Stardin turned in his seat, his space black eyes warning the Warrant officer to control himself. “You’re an officer damn it! Act like one!”

Stardin jerked himself back around glancing at both display screens. The vessel scanners were beginning their sweep of the field. “Gunners, be prepared for some radical maneuvering.”

Ankara watched the scanner array signal grow. His mind raced for the reason why the Ensign had not moved the vessel. He could not believe his ears when the Bitchin’ Betty confirmed the enemy vessels’ target lock on the Gazelle. “What the hell are you doing?”

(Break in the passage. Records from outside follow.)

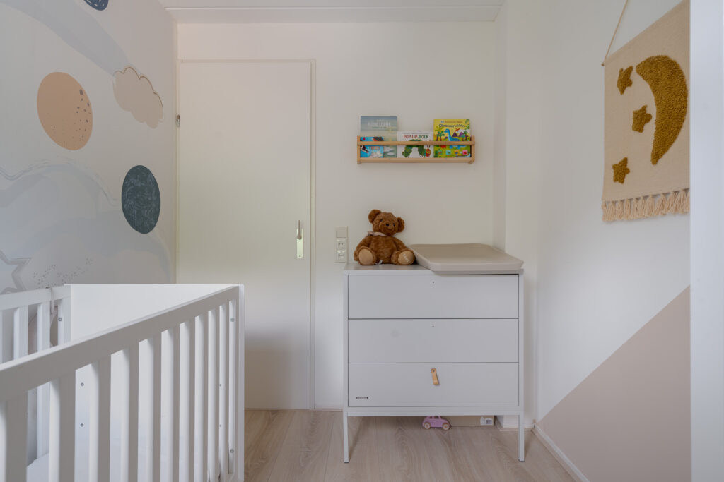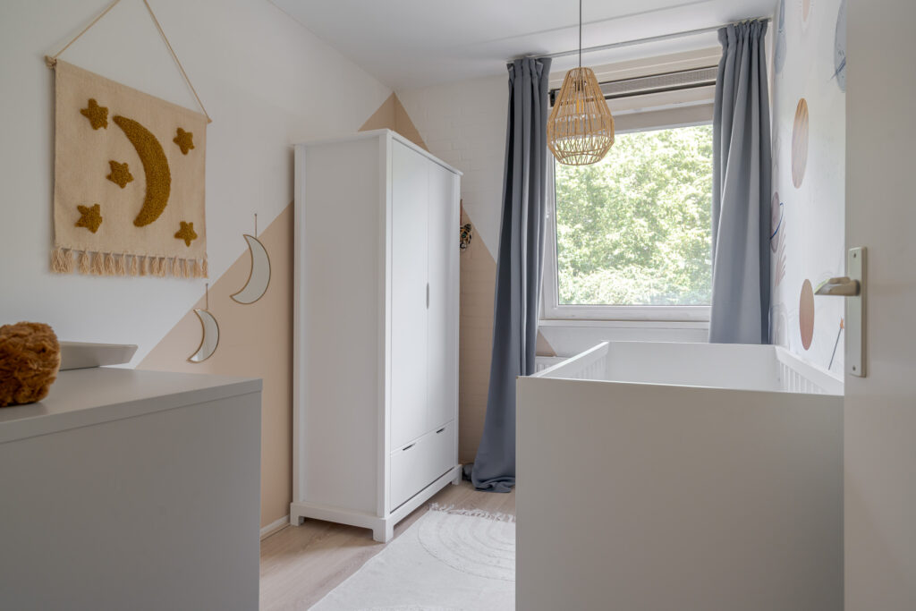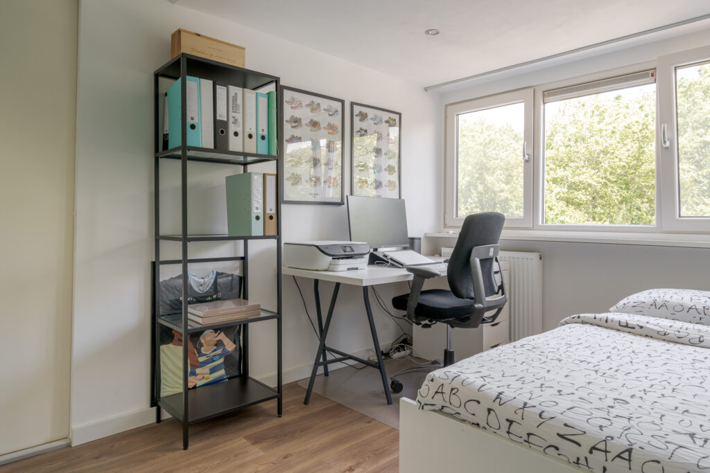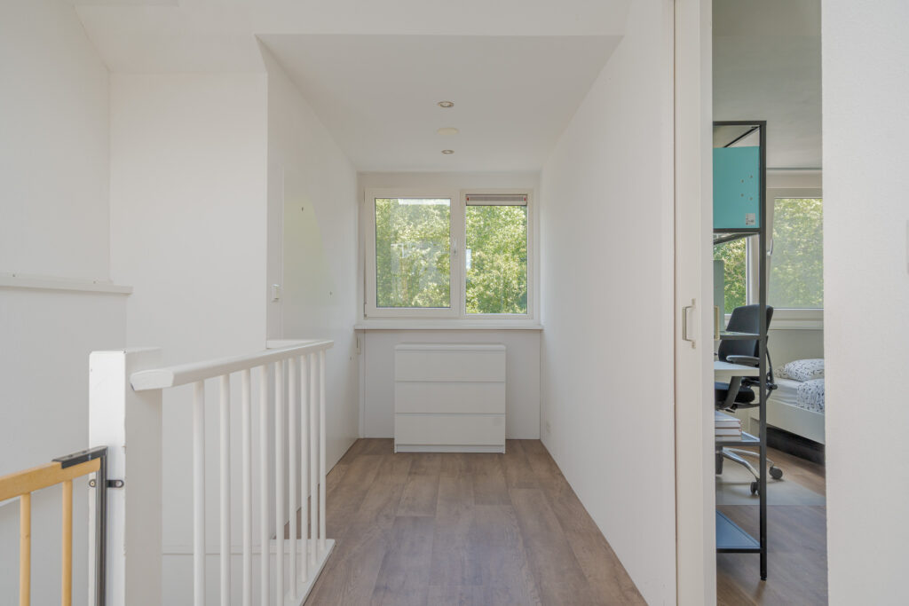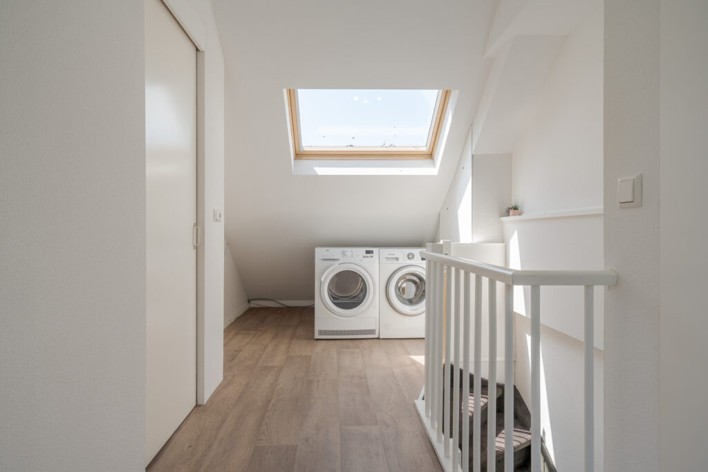 De tweede verdieping is bereikbaar via een vaste trap en beschikt over een overloop met wasruimte, cv-installatie en extra bergruimte. Dankzij het dakraam en de brede dakkapel aan de achterzijde is ook hier een volwaardige vierde slaapkamer gerealiseerd, die baadt in het daglicht.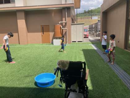 次は、水遊び。中庭をおもいっきり走りながら水鉄砲を楽しみました。
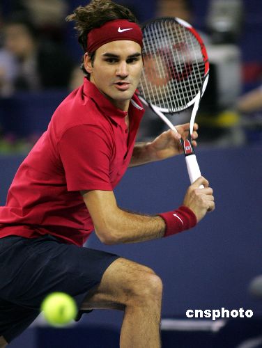 11月16日,在2007年上海大師杯單打紅組最后一輪比賽中,費德勒以6-4/6-2擊敗羅迪克,以小組第一挺進四強,費德勒在半決賽中將對陣納達爾。中新社發 湯彥俊 攝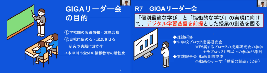 前半は、木津川市教育委員会より「木津川市GIGAリーダー会の取組」と題して、これまでの成果と課題、今年度の取組内容について発表されました。また、取組の進め方、教育委員会として意識していること等についても話されました。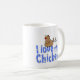 Caneca da galinha do amor. Eu amo minhas galinhas nas letras à moda, azuis com estrelas brilhantes. Nas letras são algumas galinhas bonitos. Na parte traseira da caneca é uma galinha alegre com seu nome. Desenho do vetor por American National Standard holandesa Collijn do ilustrador.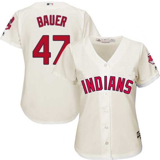 Home>MLB>Cleveland Indians>Trevor Bauer>Women's Majestic Cleveland Indians #47 Trevor Bauer Authentic Cream Alternate 2 Cool Base MLB Jersey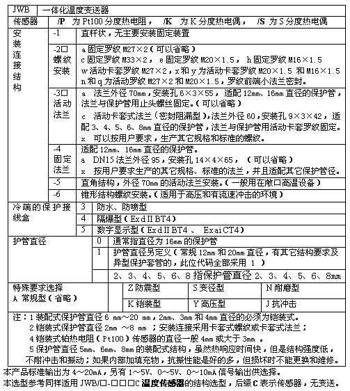 JWB一体化温度变送器是一种接触式测量温度的现场用仪表,通常与其相应的二次仪表或计算机采集测量系统配套使用,可准确测量生产工作过程中各种介质或物体的温度(使用范围 -200℃ ~ 1600℃)。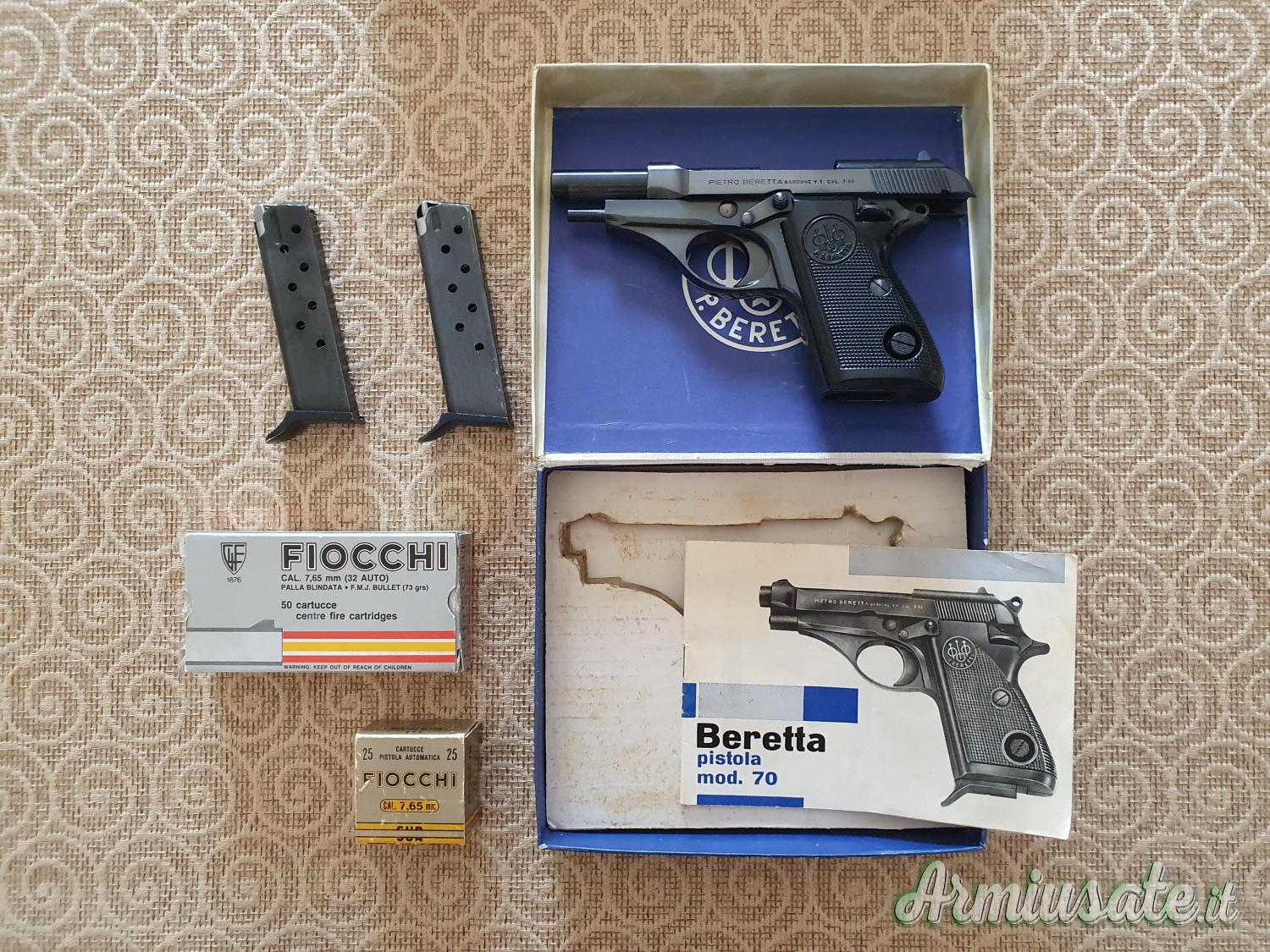 - BERETTA mod. 70 in calibro 7,65 di seconda generazione (sicura a leva e non a traversino, in grado di bloccare in aggiunta anche il carrello in chiusura una volta inserita), con organi di mira modificati per un tiro più rapido e preciso, caricatore da 8 colpi, scatola e libretto/manuale originale;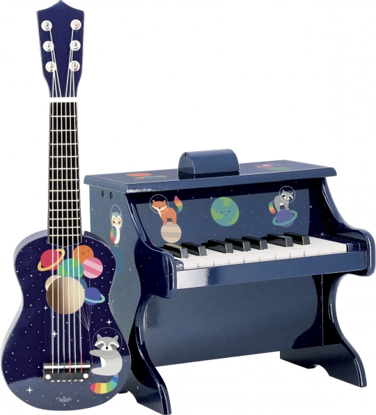 Vă prezentăm Chitara Spațială, instrumentul ideal pentru micii muzicieni și iubitorii de aventuri spațiale. Această chitară pentru copii este fabricată din lemn, garantând calitate și durabilitate. Designul său este îmbogățit cu motive planetare colorate și o ilustrație cu un raton astronom care o face o jucărie de vis adevărată.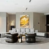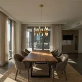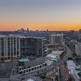 The expansive living and dining area is ideal for entertaining and is highlighted by a sleek ventless fireplace and three walls of floor-to-ceiling windows showcasing views of downtown Atlanta, Stone Mountain, and the Buckhead skyline. Retract the NanaWall door system to extend the living and dining space onto a covered terrace featuring a fireplace, television, gas grill, and ample space for lounge seating — perfect for indoor-outdoor living year-round!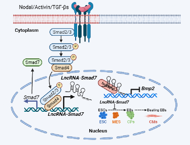 The heart is one of the earliest differentiating organs, and heart development requires stepwise regulation dependent on the precise control of genetic networks, in which Nodal/TGF-β and BMP signaling regulates cardiomyocyte commitment Numerous lncRNAs are broadly expressed during early heart development, and these early development and tissue homeostasis lncRNAs are also known to be induced by the TGF-β family. However, whether and how lncRNAs participate in cross-talk between TGF-β and BMP signaling branches has not been documented.
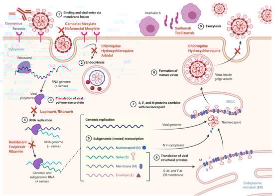 This rapid spread of COVID-19 has generated intense research interest to find a cure or a vaccine. However, there are no Food and Drug Administration (FDA)-approved drugs for the treatment of COVID-19, although remdesivir, an investigational antiviral drug, is available through an FDA emergency use authorization []. Several medicines with antiviral or immunomodulatory mechanisms have been recommended as potential investigational therapies, many of which are currently being studied in clinical trials. To date, therapies with proven benefit in certain groups include remdesivir, dexamethasone and convalescent plasma [,,]. This review describes the structure of SARS-CoV-2, its molecular and immune pathogenesis and summarizes current knowledge about the potential mechanisms for off-label agents widely used to treat COVID-19.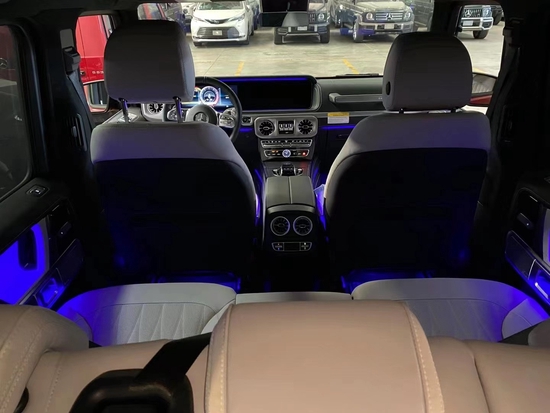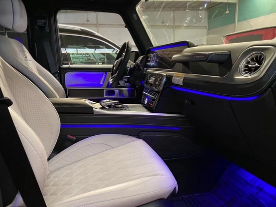 2021款奔驰G63新车内部采用了高档地毯、钢琴黑饰条和皮革座椅营造了一个十分豪华的内饰氛围奔驰G63豪华精致的真皮包覆提供了足够的舒适性和支撑性,通风和加热功能让乘客免受高温和寒冷的煎熬。中控台多处均采用碳纤维材料覆带彩色TFT显示屏的AMG仪表盘、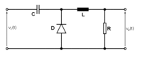 Если же поменять местами диод и конденсатор, получится детектор с закрытым входом или параллельный детектор, не пропускающий постоянную составляющую на нагрузку. По такой схеме строятся детекторные головки (ВЧ-пробники) для измерения переменного напряжения радиочастотного диапазона с помощью вольтметра постоянного тока.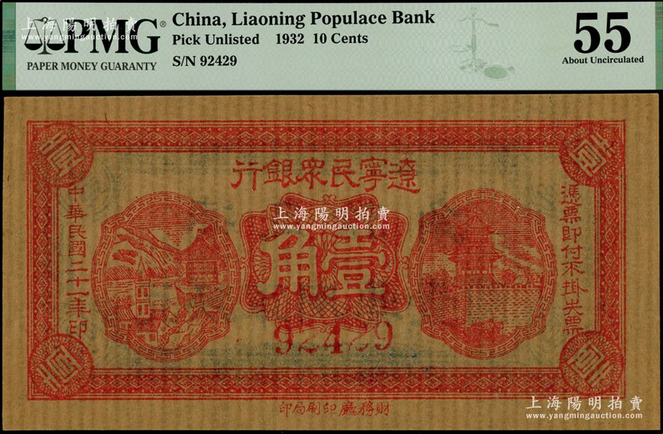 民国二十一年(1932年)辽宁民众银行壹角流通票,5位数号码券,薄纸版(即旧时东北糊窗户之薄纸),背印“兑换军用票”字样,属东北义勇军唐聚五部发行;海外藏家出品,九八成新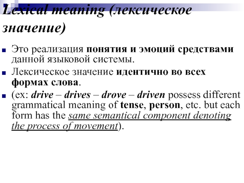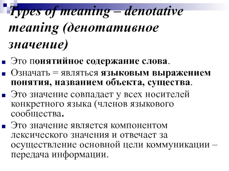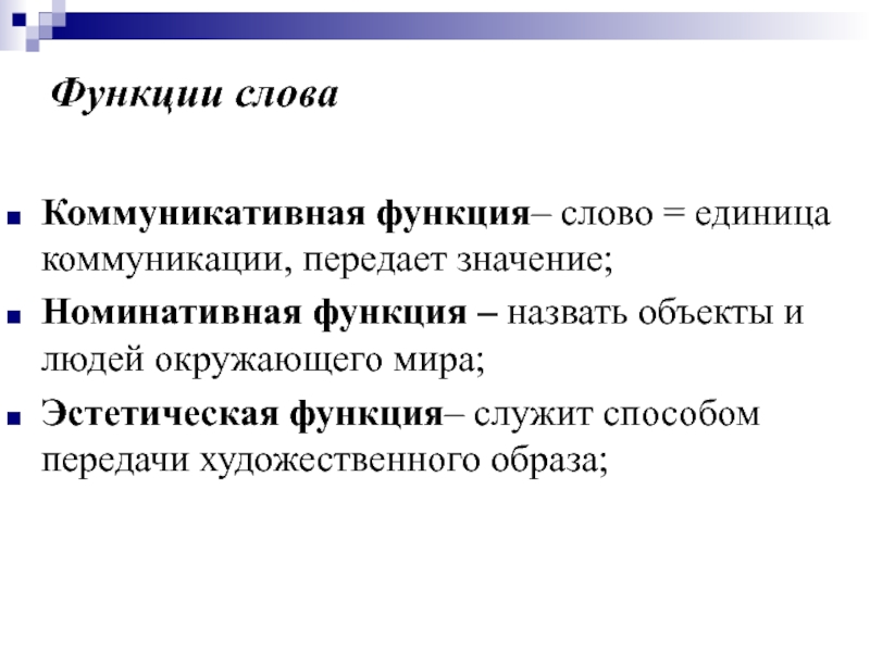 Коммуникативная функция– слово = единица коммуникации, передает значение;

“Surviving Ankara!” He snarled like some wild animal. “Now do your Job!”

Ankara eyes snapped to the MFDS as his mind curse the Ensign. “Enemy vessel has target lock on us! STAR-TRAC has acquired our position…. I have missile launch. Four, Warblade ASM closing fast, deploying countermeasures!”

“Negative!” Stardin growled. “Call time to intercept!”

“You’re mad!”

“Do it!” Stardin voice roared over the intercom.

“Seven…six…five…four…three...” Ankara’s body slammed into his flight couch. The Gazelle rocketed forward as the missiles struck the asteroid throwing up a debris field. His eyes glued to MFDS as the enemy vessel began the chase swinging wide to avoid the chunks of rock thrown up from the explosion. “Enemy vessel is closing fast. We will be in weapon’s range in one minute.”

“We ain’t going to out run her.” Stardin remarked dryly knowing the dangers of flying in an asteroid field. There was also the added danger of micro-asteroids coming through the shattered viewport. “So, we’ll have too out fly her! Gunners standby, you’re about to learn what a Crazy Ivan is!”

He took the starship in close to the asteroids with each successive pass forcing the faster ship to choosing between slowing down, or giving the rocks a wider berth. The enemy Captain took the safer course of action. Maintain speed in order to close with the fleeing vessel. Stardin’s adrenalin raced through his body causing him to take even greater risks with the escort than were necessary.

A large asteroid loomed in the viewport. Ankara felt the vibration in the ship as the gravity of the small planetoid took effect. Stardin shot across the surface as the larger faster vessel fired its beam weapons. Stardin began zigzagging through the high crater rim. They were less than a hundred meter off the surface as the large mountain range came to view on the horizon.

“Damn it, pull up!” Ankara shouted.

Stardin went hard to port instead causing the enemy vessel to go high. Hard to starboard followed as he went between to mountain peaks. They were now behind the vessel. “Gunner fire!”

Both double laser turrets fired striking the ship. Stardin fishtailed the Gazelle and climbed. The enemy ship swung wide and dove. The Gazelle shot towards a much smaller asteroid following the curve as it went. Stardin shouted. “Crazy Ivan!”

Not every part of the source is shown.